*WHAT THE TASK REQUIRES*.
Restate the listing below exactly, images excluded.

*DATA EXTRACT*.

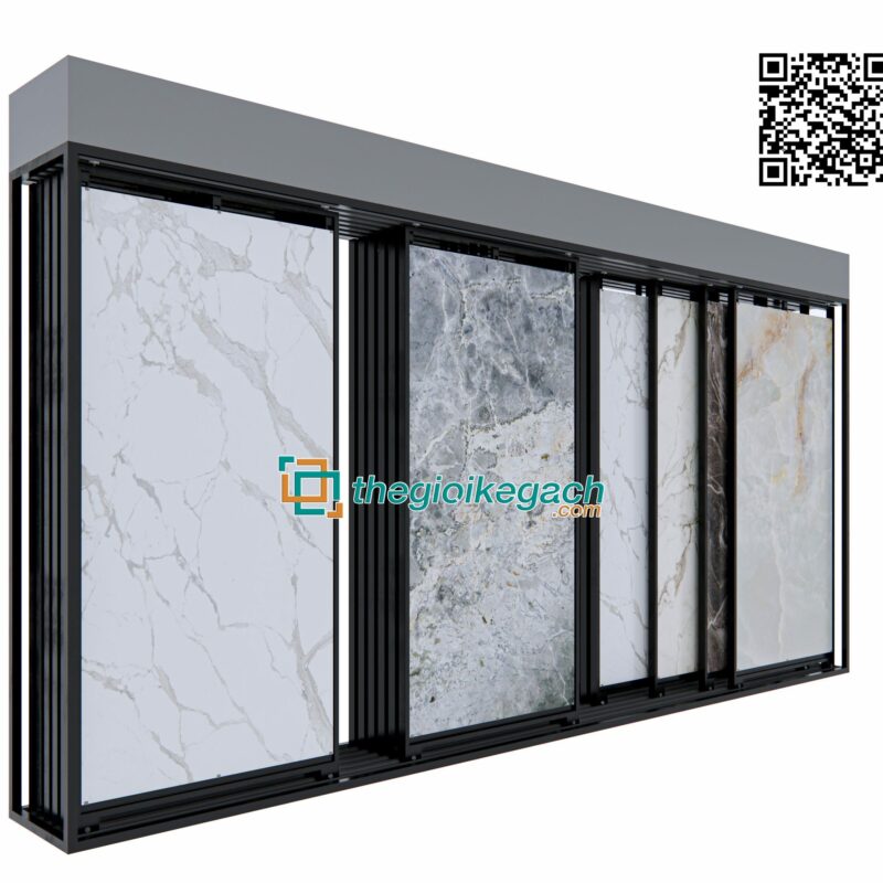 Kệ trưng bày gạch cánh lùa CNC đáp ứng được nhiều mẫu gạch có kích thước khác nhau và giúp cho khách hàng quan sát sản phẩm mẫu được trực quan và dễ dàng hơn.
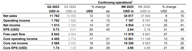 10月24日,诺华官网发布了2023年第三季度季报。据财报显示,第三季度全球净销售额达117.82亿美元,同比增长12%;核心营业收入44亿美元,同比增长21%;前9个月全球净销售额为340.17亿美元,同比增长10%。值得一提的是,第3季度中国区净销售额为8.48亿美元,同比增长14%。
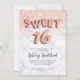 Rose gold glitter letters marble sweet sixteen invitation
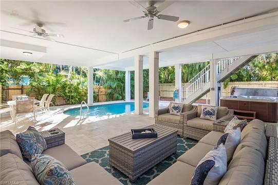 PHENOMENAL PRICE! Introducing Casa Blanca; a 4 Bedroom, 4 Bath luxury beach home with well over 3,000 living square feet only 3 homes and approximately 120 feet to the white sand beach and calm waters of the Gulf of Mexico. Located on a lushly landscaped private sandy lane, this lovely abode has all the comforts of home boasting beautiful decor, spacious open floor plan, upscale kitchen, new wet bar in the living area, 3 Master Suites, large laundry room with plenty of storage, high ceilings and doors, nice architectural detailing, a hip remodeled pool and pool lounge complete with dining area, hot tub and outdoor shower, 2 sizeable screened lanais, a rooftop sundeck and two car garage. So close to the beach you can hear the waves! So close to walkable, lively Captiva Village offering restaurants, shops, marinas, library, historic Chapel By The Sea and more. Impressive rental history adds to the value for those looking to use and invest. See attached list of the recent improvements.
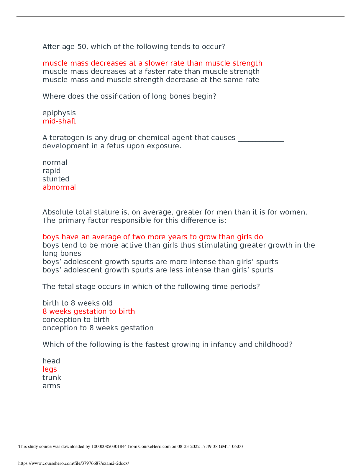 Motor Development > EXAM > Questions and Answers > California State University, Northridge KIN 477 Developmental Exam 2 (All)
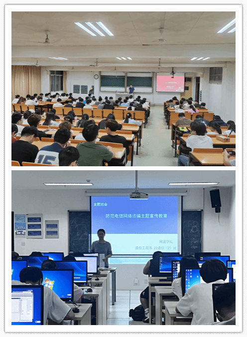 其次,网通学院班主任利用假期来临的时间节点对26个班级分别召开了主题班会,各班主任首先带领学生深入学习《中华人民共和国反电信网络诈骗法》,通过梳理诈骗类型及相关真实案例剖析来提高学生防骗意识及能力。同时,各班主任根据学校要求对学生下载安装使用反诈中心APP情况进行了现场检查。会后,各班主任开展反诈“一对一”谈话,全院学生填写《太阳集团tyc539防范电信网络诈骗告知书》,力求做到“全方位、无死角”的防范电信网络诈骗宣传教育。
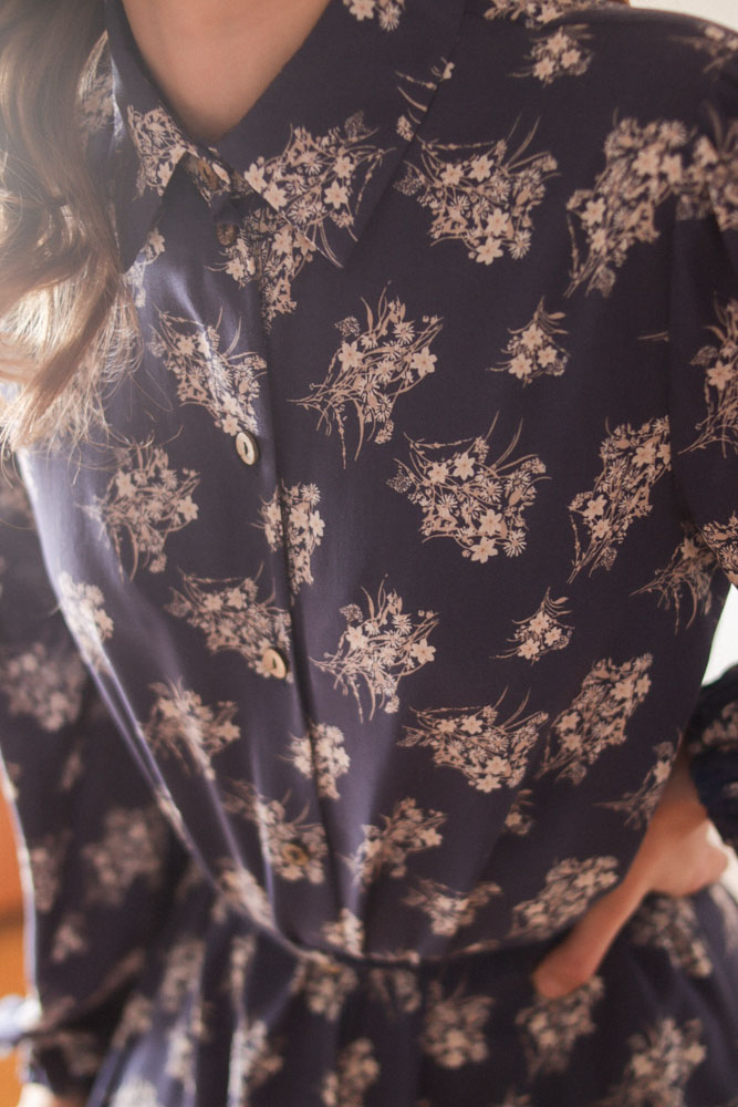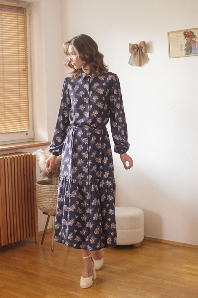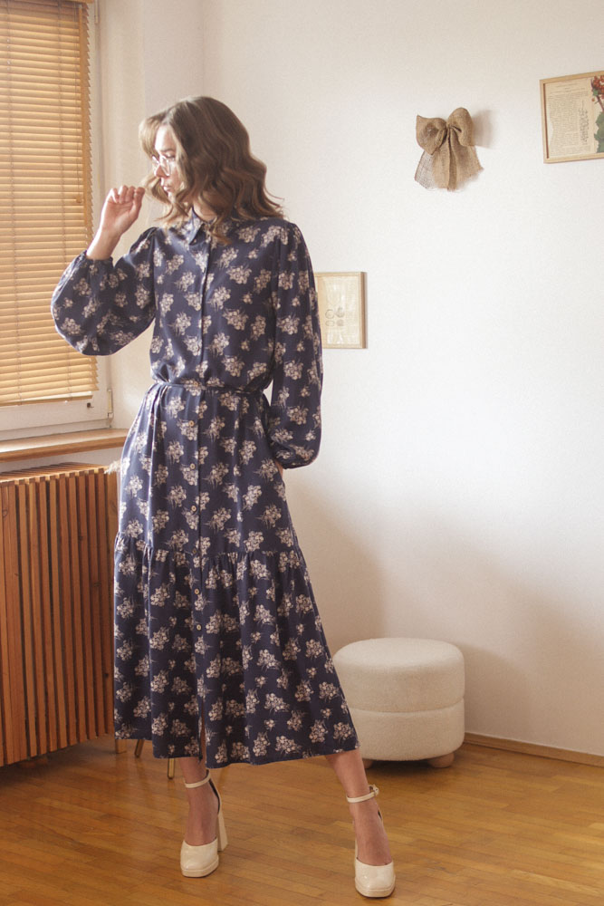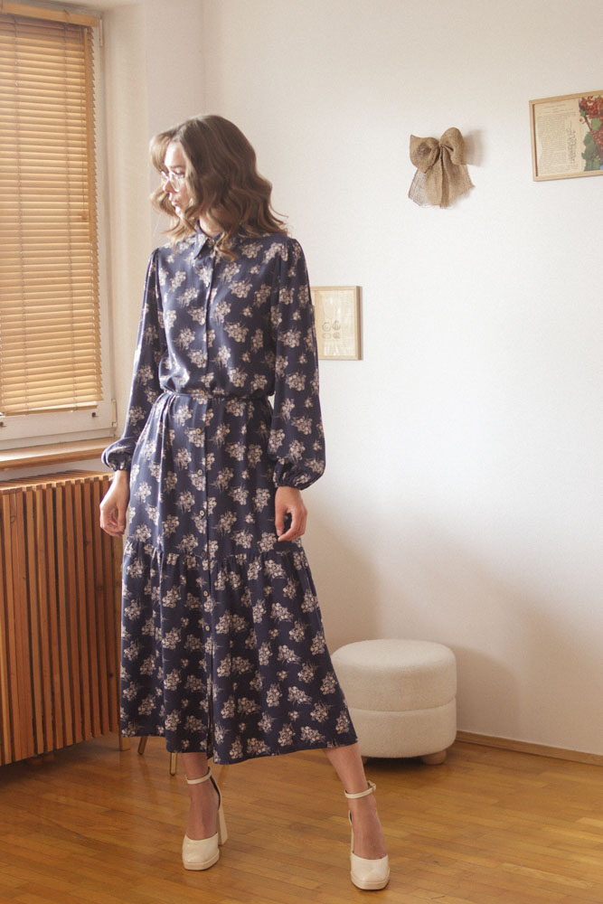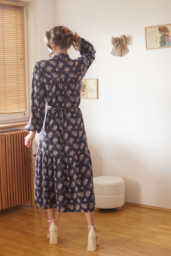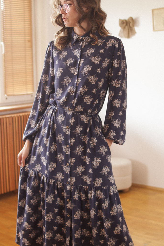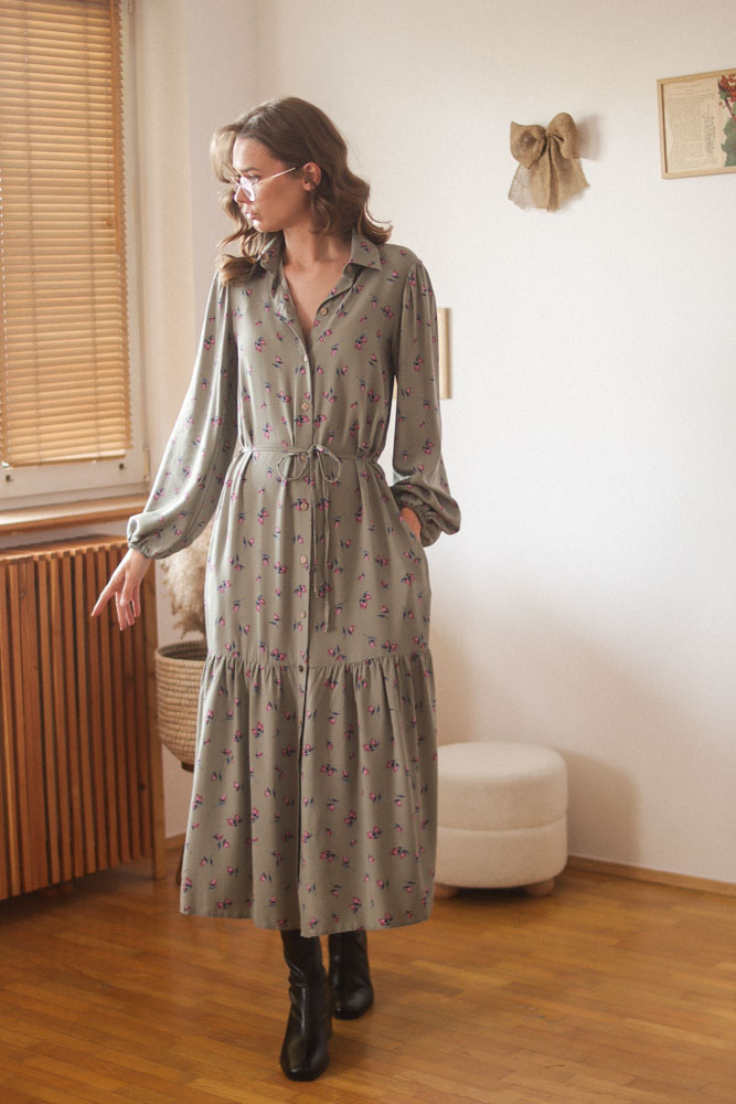 Calla - wiskozowa, długa sukienka z kołnierzykiem zapinana na guziki
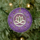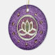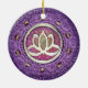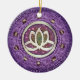 Purple ornament in a crochet, stone-decorated look with a silver lotus symbol in the centre

*EXERCISE SOLUTION*.
 Kệ trưng bày gạch cánh lùa CNC đáp ứng được nhiều mẫu gạch có kích thước khác nhau và giúp cho khách hàng quan sát sản phẩm mẫu được trực quan và dễ dàng hơn.
 10月24日,诺华官网发布了2023年第三季度季报。据财报显示,第三季度全球净销售额达117.82亿美元,同比增长12%;核心营业收入44亿美元,同比增长21%;前9个月全球净销售额为340.17亿美元,同比增长10%。值得一提的是,第3季度中国区净销售额为8.48亿美元,同比增长14%。
 Rose gold glitter letters marble sweet sixteen invitation
 PHENOMENAL PRICE! Introducing Casa Blanca; a 4 Bedroom, 4 Bath luxury beach home with well over 3,000 living square feet only 3 homes and approximately 120 feet to the white sand beach and calm waters of the Gulf of Mexico. Located on a lushly landscaped private sandy lane, this lovely abode has all the comforts of home boasting beautiful decor, spacious open floor plan, upscale kitchen, new wet bar in the living area, 3 Master Suites, large laundry room with plenty of storage, high ceilings and doors, nice architectural detailing, a hip remodeled pool and pool lounge complete with dining area, hot tub and outdoor shower, 2 sizeable screened lanais, a rooftop sundeck and two car garage. So close to the beach you can hear the waves! So close to walkable, lively Captiva Village offering restaurants, shops, marinas, library, historic Chapel By The Sea and more. Impressive rental history adds to the value for those looking to use and invest. See attached list of the recent improvements.
 Motor Development > EXAM > Questions and Answers > California State University, Northridge KIN 477 Developmental Exam 2 (All)
 其次,网通学院班主任利用假期来临的时间节点对26个班级分别召开了主题班会,各班主任首先带领学生深入学习《中华人民共和国反电信网络诈骗法》,通过梳理诈骗类型及相关真实案例剖析来提高学生防骗意识及能力。同时,各班主任根据学校要求对学生下载安装使用反诈中心APP情况进行了现场检查。会后,各班主任开展反诈“一对一”谈话,全院学生填写《太阳集团tyc539防范电信网络诈骗告知书》,力求做到“全方位、无死角”的防范电信网络诈骗宣传教育。
 Calla - wiskozowa, długa sukienka z kołnierzykiem zapinana na guziki
 Purple ornament in a crochet, stone-decorated look with a silver lotus symbol in the centre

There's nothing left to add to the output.